- **THE TASK**
What you return must match the listing exactly, with every image removed.

- **DATA**
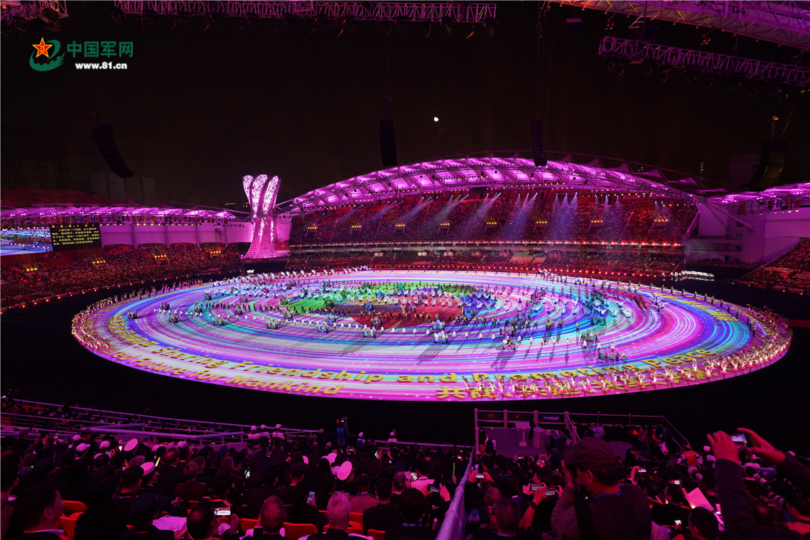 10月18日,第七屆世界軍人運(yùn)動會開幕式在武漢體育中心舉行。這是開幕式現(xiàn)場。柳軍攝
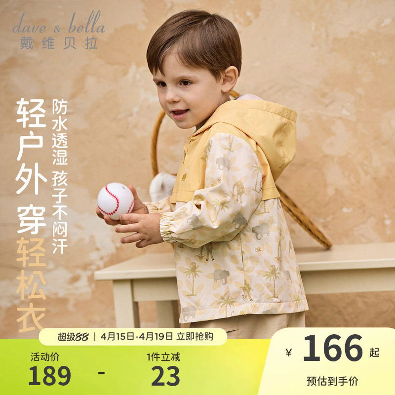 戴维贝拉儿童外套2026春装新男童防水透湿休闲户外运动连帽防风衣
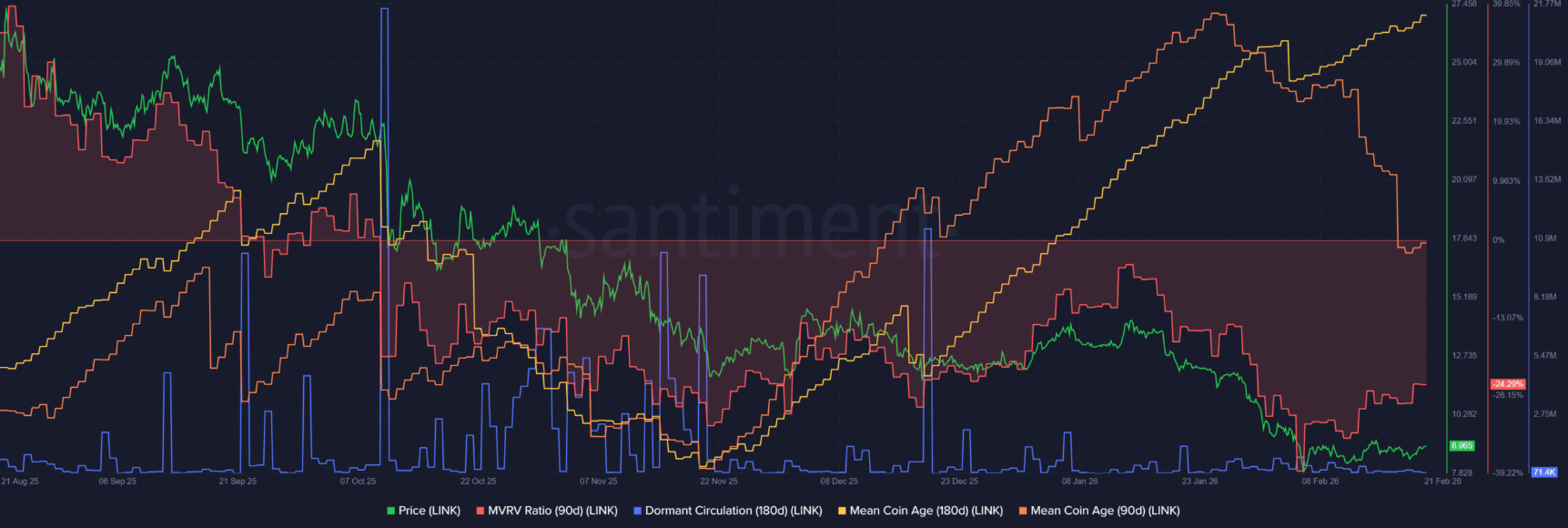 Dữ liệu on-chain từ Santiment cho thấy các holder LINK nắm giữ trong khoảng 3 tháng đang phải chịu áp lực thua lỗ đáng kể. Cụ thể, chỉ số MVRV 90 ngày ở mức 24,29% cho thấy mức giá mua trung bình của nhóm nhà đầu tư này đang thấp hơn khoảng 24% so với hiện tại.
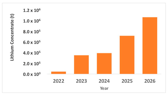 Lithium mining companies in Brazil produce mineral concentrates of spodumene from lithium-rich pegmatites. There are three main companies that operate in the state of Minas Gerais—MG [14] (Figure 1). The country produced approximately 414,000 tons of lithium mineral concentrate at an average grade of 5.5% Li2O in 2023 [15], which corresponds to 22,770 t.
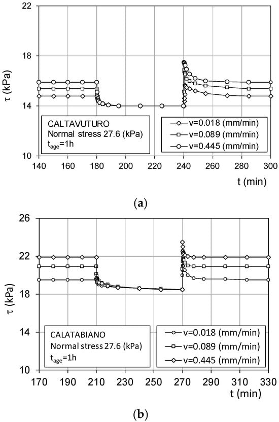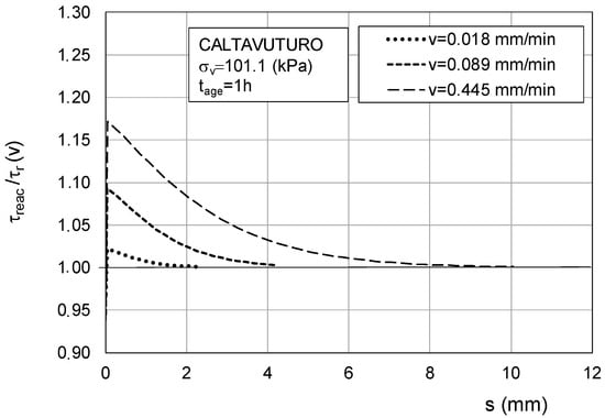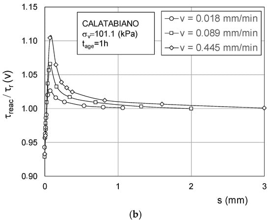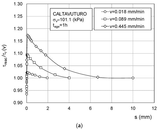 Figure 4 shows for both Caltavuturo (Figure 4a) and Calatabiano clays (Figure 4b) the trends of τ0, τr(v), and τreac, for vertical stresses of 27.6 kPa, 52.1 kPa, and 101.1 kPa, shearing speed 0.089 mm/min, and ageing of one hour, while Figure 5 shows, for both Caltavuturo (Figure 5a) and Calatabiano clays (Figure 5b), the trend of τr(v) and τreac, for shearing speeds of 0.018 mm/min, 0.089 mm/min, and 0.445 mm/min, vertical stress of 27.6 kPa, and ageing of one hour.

- **ANSWER TO THIS TASK**
 10月18日,第七屆世界軍人運(yùn)動會開幕式在武漢體育中心舉行。這是開幕式現(xiàn)場。柳軍攝
 戴维贝拉儿童外套2026春装新男童防水透湿休闲户外运动连帽防风衣
 Dữ liệu on-chain từ Santiment cho thấy các holder LINK nắm giữ trong khoảng 3 tháng đang phải chịu áp lực thua lỗ đáng kể. Cụ thể, chỉ số MVRV 90 ngày ở mức 24,29% cho thấy mức giá mua trung bình của nhóm nhà đầu tư này đang thấp hơn khoảng 24% so với hiện tại.
 Lithium mining companies in Brazil produce mineral concentrates of spodumene from lithium-rich pegmatites. There are three main companies that operate in the state of Minas Gerais—MG [14] (Figure 1). The country produced approximately 414,000 tons of lithium mineral concentrate at an average grade of 5.5% Li2O in 2023 [15], which corresponds to 22,770 t.
 Figure 4 shows for both Caltavuturo (Figure 4a) and Calatabiano clays (Figure 4b) the trends of τ0, τr(v), and τreac, for vertical stresses of 27.6 kPa, 52.1 kPa, and 101.1 kPa, shearing speed 0.089 mm/min, and ageing of one hour, while Figure 5 shows, for both Caltavuturo (Figure 5a) and Calatabiano clays (Figure 5b), the trend of τr(v) and τreac, for shearing speeds of 0.018 mm/min, 0.089 mm/min, and 0.445 mm/min, vertical stress of 27.6 kPa, and ageing of one hour.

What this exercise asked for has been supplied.